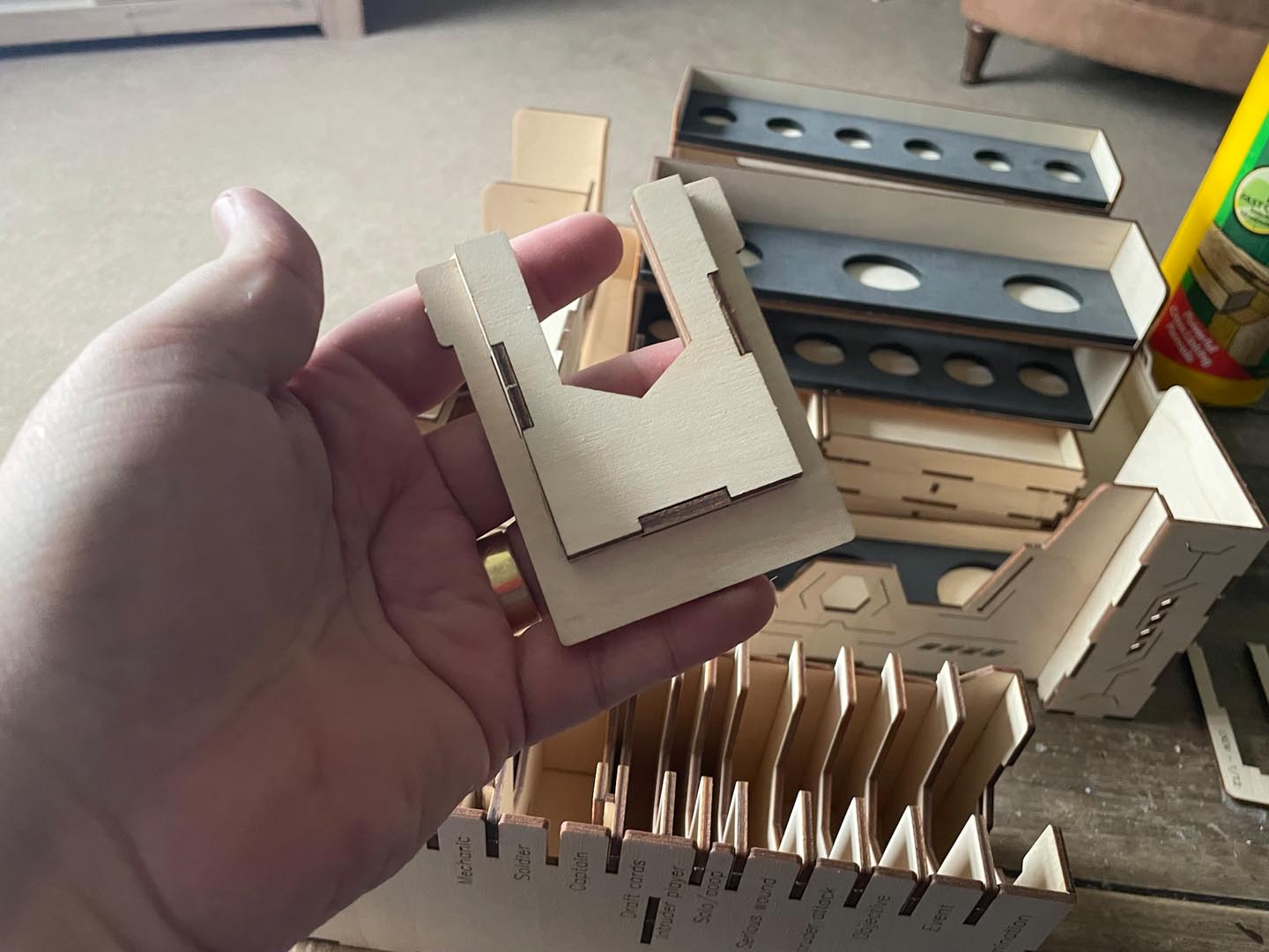 I did not specifically see it mentioned in the Nemesis Insert manual so it is worth mentioning here that the holders for the Military, Medical and Technical cards do not have their front parts glued in position, instead, during play they are taken out and used underneath to make the cards easier to draw.
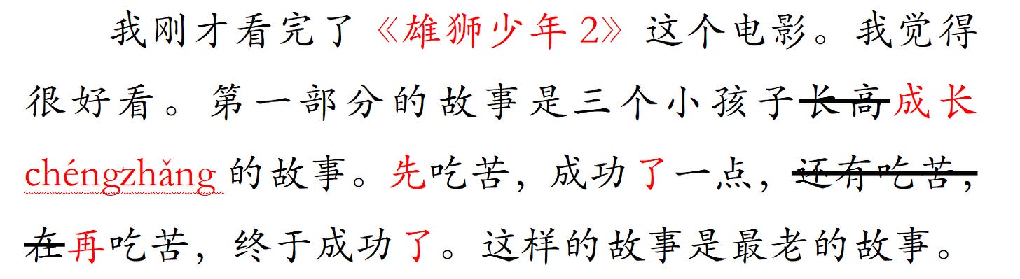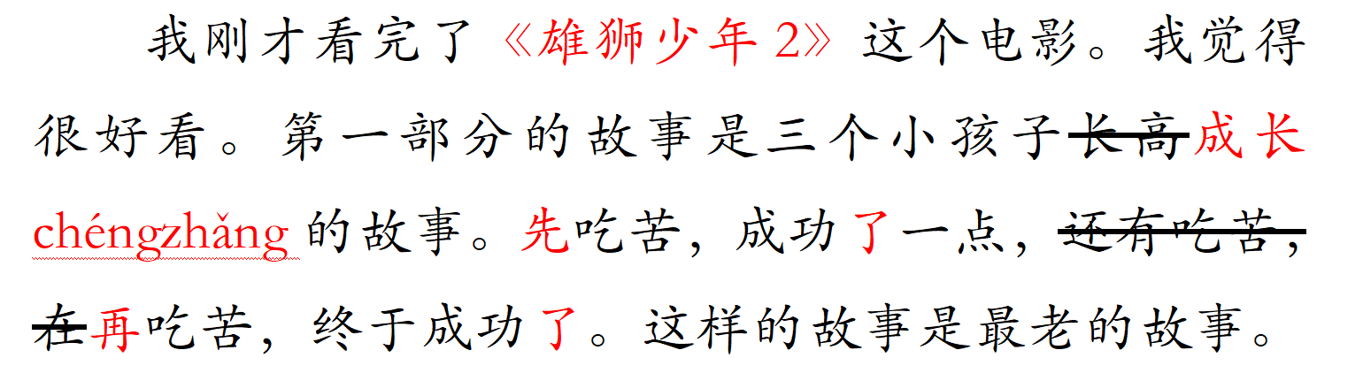 我刚才看完了《雄狮少年2》这个电影。我觉得很好看。第一部分的故事是三个小孩子成长的故事。先吃苦,成功了一点,再吃苦,在吃苦,终于成功了。这样的故事是最老的故事。
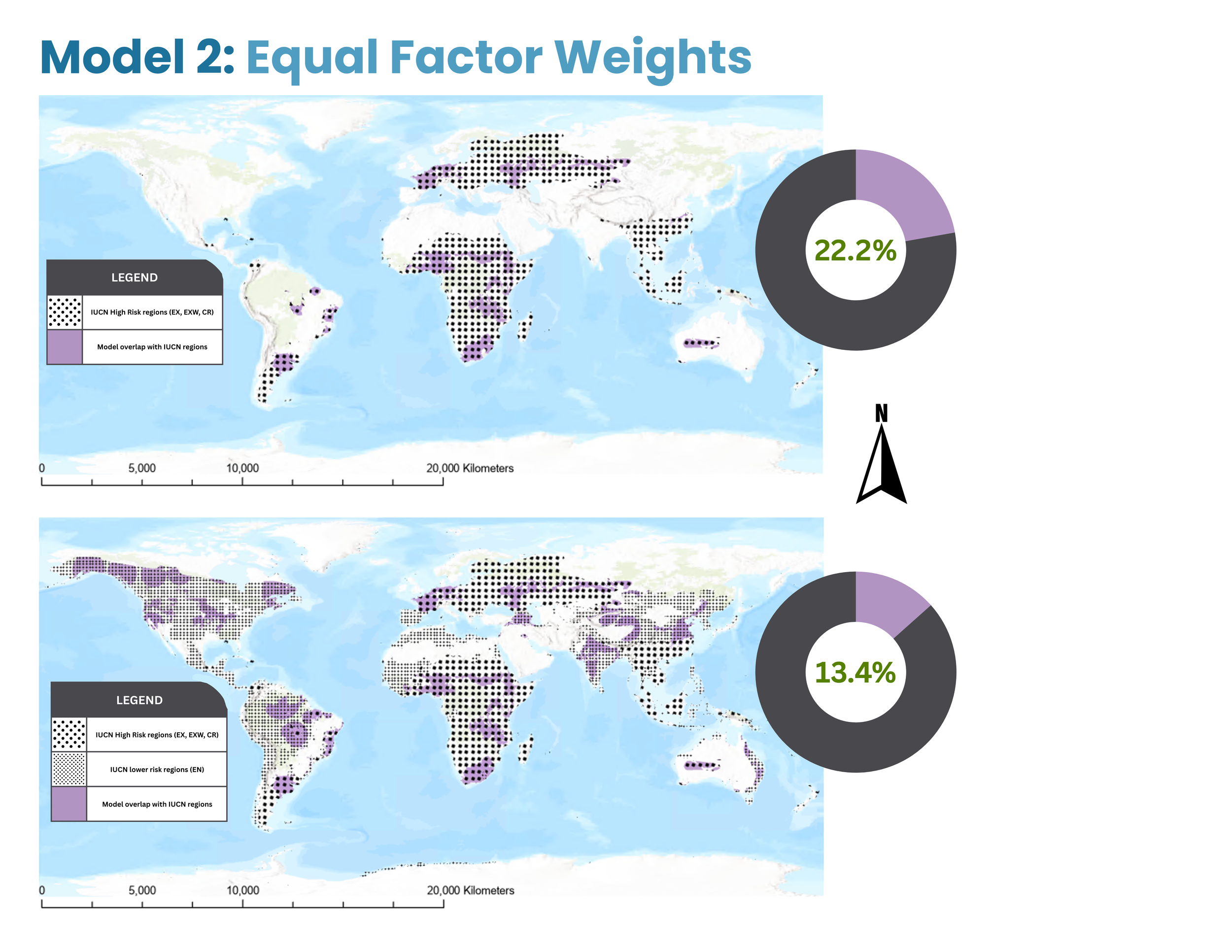 In Model 2, the highest predicted risk regions (constrained to the ranges defined by the IUCN data) covered 22.2% of the total high risk (EX, EXW, CR) validation area, out of 62% total possible overlap given the total area of the model’s output compared to the total area of the high risk IUCN ranges. However, the model’s predicted risk regions only accounted for 13.4% of the broader validation risk areas (EX, EXW, CR, and EN).

EXERCISE DIRECTIONS:
Repeat the material above exactly; any picture in it is left out.

TASK RESPONSE:
 I did not specifically see it mentioned in the Nemesis Insert manual so it is worth mentioning here that the holders for the Military, Medical and Technical cards do not have their front parts glued in position, instead, during play they are taken out and used underneath to make the cards easier to draw.
 我刚才看完了《雄狮少年2》这个电影。我觉得很好看。第一部分的故事是三个小孩子成长的故事。先吃苦,成功了一点,再吃苦,在吃苦,终于成功了。这样的故事是最老的故事。
 In Model 2, the highest predicted risk regions (constrained to the ranges defined by the IUCN data) covered 22.2% of the total high risk (EX, EXW, CR) validation area, out of 62% total possible overlap given the total area of the model’s output compared to the total area of the high risk IUCN ranges. However, the model’s predicted risk regions only accounted for 13.4% of the broader validation risk areas (EX, EXW, CR, and EN).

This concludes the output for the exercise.